Good, bad or ugly? Pakistan is not sure how the CPEC will affect its environment and economy

Mohammad Saleem Badar Din and have never heard of CPEC, but see a lot of Chinese around. Their leader is the Chinese and communicate with him through gestures, as they do not speak the same language.

The men, in their twenties, traveled in a town of Sehwan in Sindh Gwadar to work like workers in the site of construction of the port. \

Even after paying rent for accommodation, meals and transportation, they save more than they have ever earned in their own village. “There is work for everyone,” said Saleem, who was able to buy sunshine and a fan for his family.

This is what Prime Minister Nawaz Sharif has said throughout the process that the China-Pakistan economic corridor, an essential part of China’s belt and highway initiative, will open up huge employment opportunities for Pakistanis.

When deciding the Himalayas, the corridor is 3000 km, 62 billion Kashgar, in western China through the territories, plains and deserts challenged to reach Gwadar in Pakistan on the shores of the Arabian Sea.

Along the way, China will support and create a large number of infrastructure projects, including roads, railways and power plants.

More than 30,000 Pakistanis are working on various corridor projects and the Planning Commission expects 700,000 to 800,000 jobs to be created by 2030.

Despite claims by the Pakistani and Chinese authorities over megaproject authorities to bring about an economic revolution, doubts continue to grow.

“I have my concerns because of the lack of transparency,” Akbar Zaidi told thethirdpole.net, one of Pakistan’s political economists.

“If it is so fabulous, tell us the terms of investment. Why not be honest about it? I can not say definitively whether CPEC is good, bad or disaster for Pakistan.”

At a conference given by Zaidi in Calcutta earlier this month, CPEC said it looked more like a Chinese project; The benefits are heavily charged to China and Pakistan enjoy because it is “part of the geographical terrain.”

He also expressed concern about the huge loans involved, citing large loans from Sri Lanka and Tajikistan from China. In 2011, Tajikistan had to give 1% of its territory to China in return for outstanding loans.

Sri Lanka will grant 80% of its share of the high seas port of Hambantota in China over the next 99 years in exchange for a debt reduction of $ 1.1 billion.

The environmental impacts are even more marked. Michael Kugelman, Deputy Director and senior member for South Asia with the Asia Program of the Woodrow Wilson Center, offers a “variety of factors ranging from the use of wind energy technologies to contracting or even destruction of farmland.”
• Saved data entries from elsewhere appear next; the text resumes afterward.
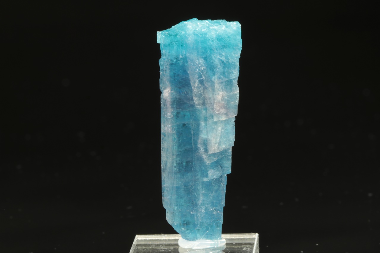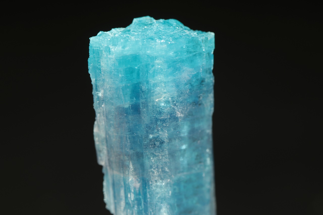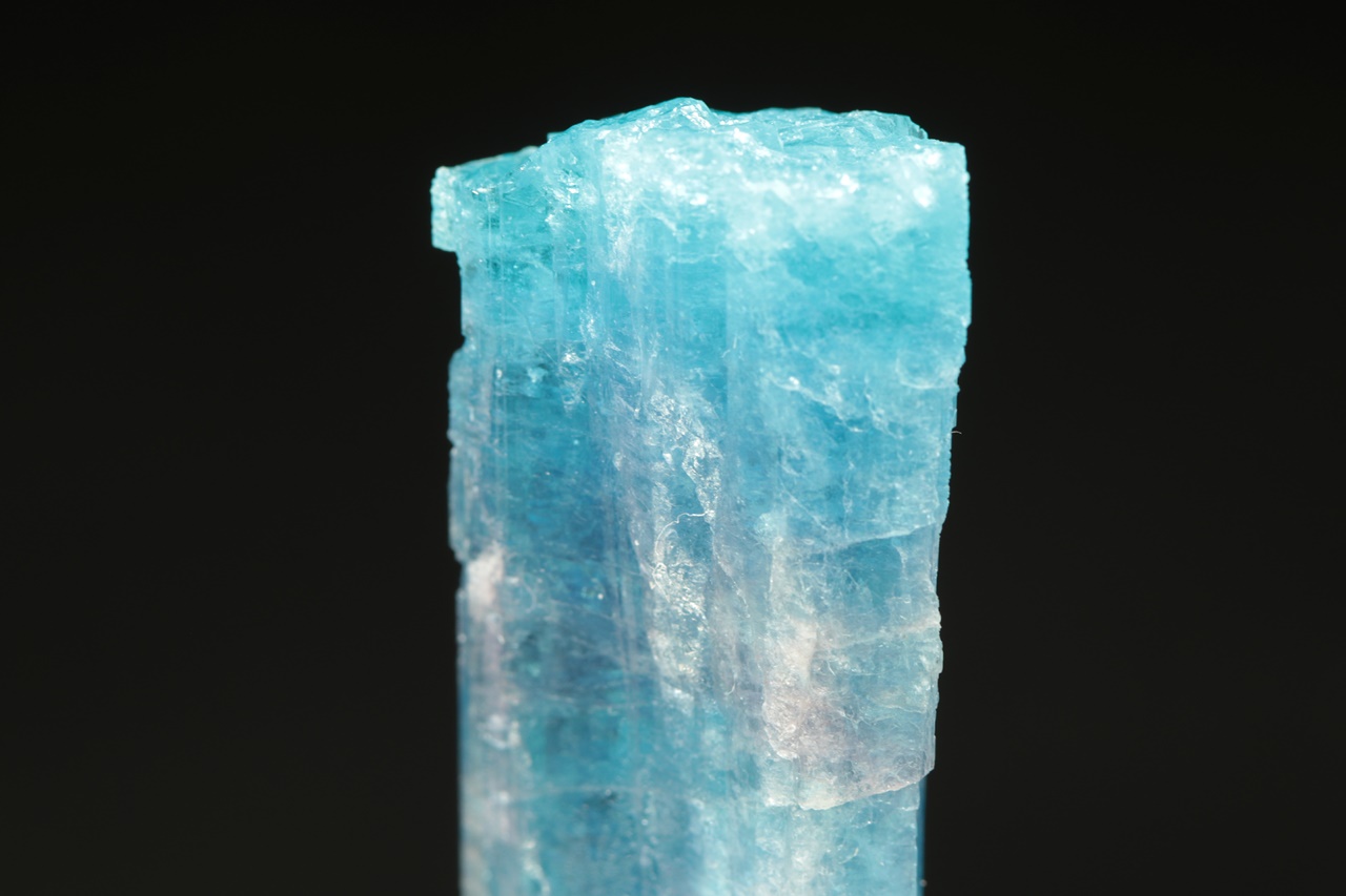 Nádherný segment krystalu turmalínu intenzivně modré barvy ve velmi vysoké brousitelné kvalitě. Tento typ vzácného turmalínu, u kterého je modrá barva způsobena přitomností mědi v krystalové struktuře, se zřídkakdy vyskytuje v podobě průsvitného krystalu takto intenzivní barvy.
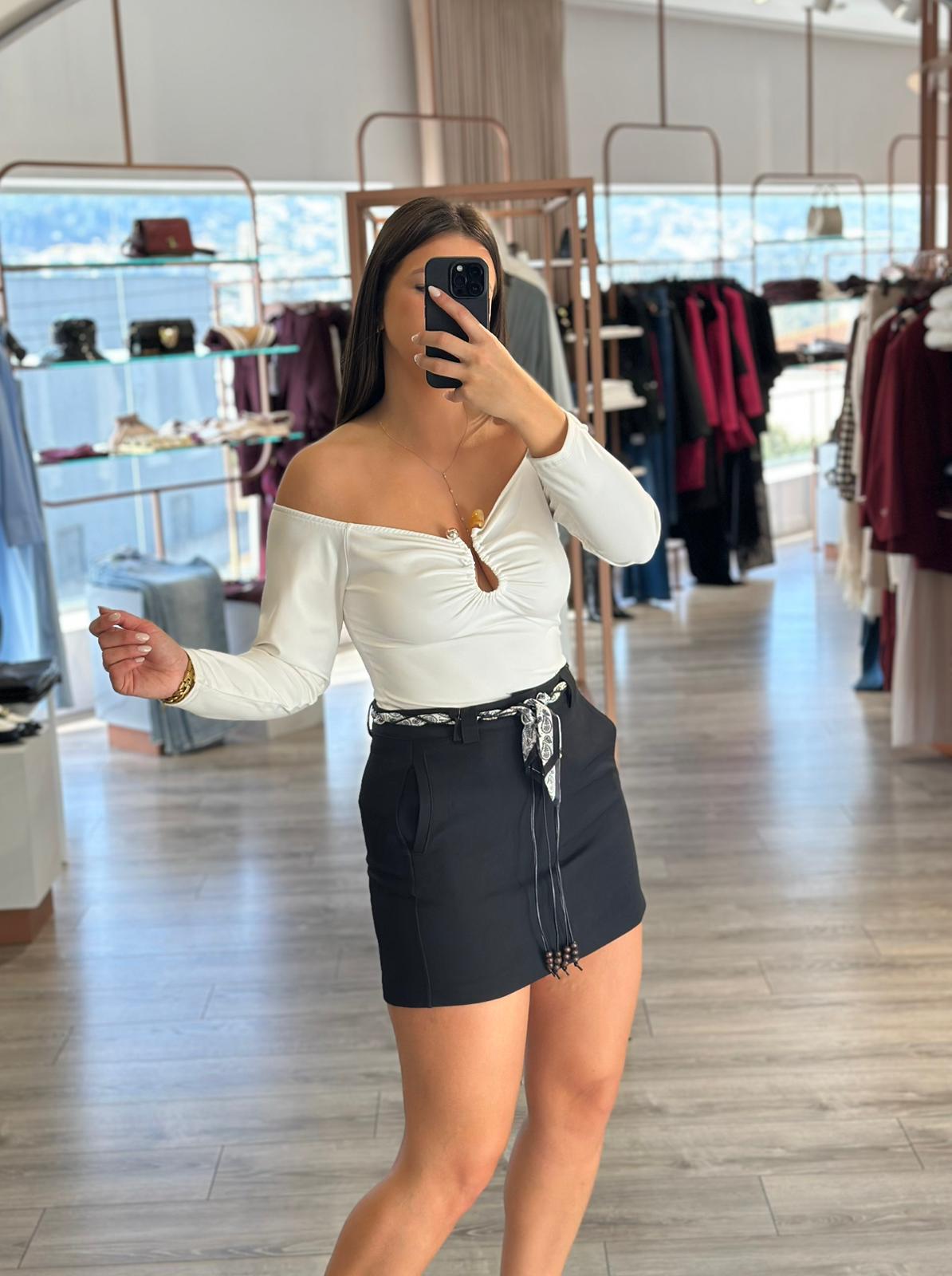 O design destaca-se pelo cinto estampado em padrão paisley com aplicações de missangas em cordão preto, que acrescenta contraste e um detalhe artesanal, transformando a saia preta num modelo único e cheio de personalidade.
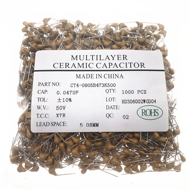 CT4 Monolithic capacitor 473K Material X7R plusmn 10% 47NF 50V 0 047UF Pitch 5 08mm
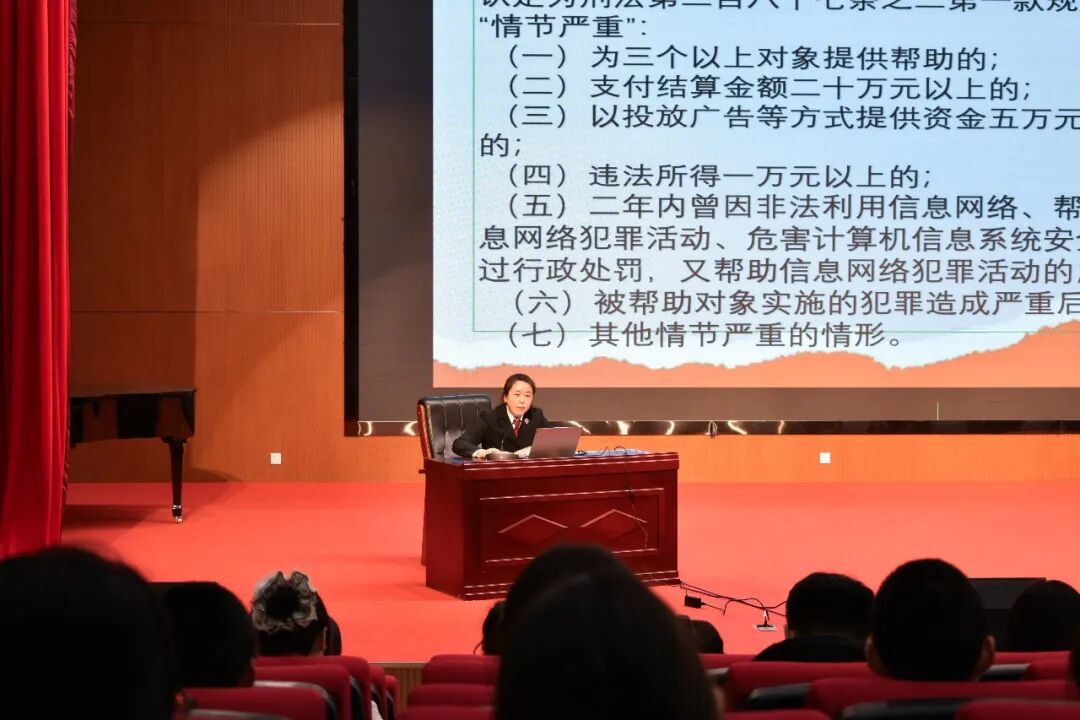 聚焦未成年人权益保护,依法从严惩治侵害未成年人犯罪。讲座紧扣“1+6”专项行动中关于预防惩治侵害未成年人违法犯罪的工作要求,检察人员结合办案实践,详细剖析了性侵害、暴力伤害等案件的常见形式、作案特点及法律后果,引导学生提高自我保护意识,掌握识别危险、寻求帮助的正确方法。同时强调司法机关对侵害未成年人犯罪“零容忍”的态度,织密未成年人司法保护网。

He is particularly concerned about the use of coal, environmentally harmful technologies and high water consumption, a prerequisite for development and such an intense building.

Along with the use of dirty fuel, Vaqar Zakaria, general director of environment consultant Hagler Bailly Pakistan, is concerned about the lack of talk about the impacts of hydroelectric power projects on river ecosystems.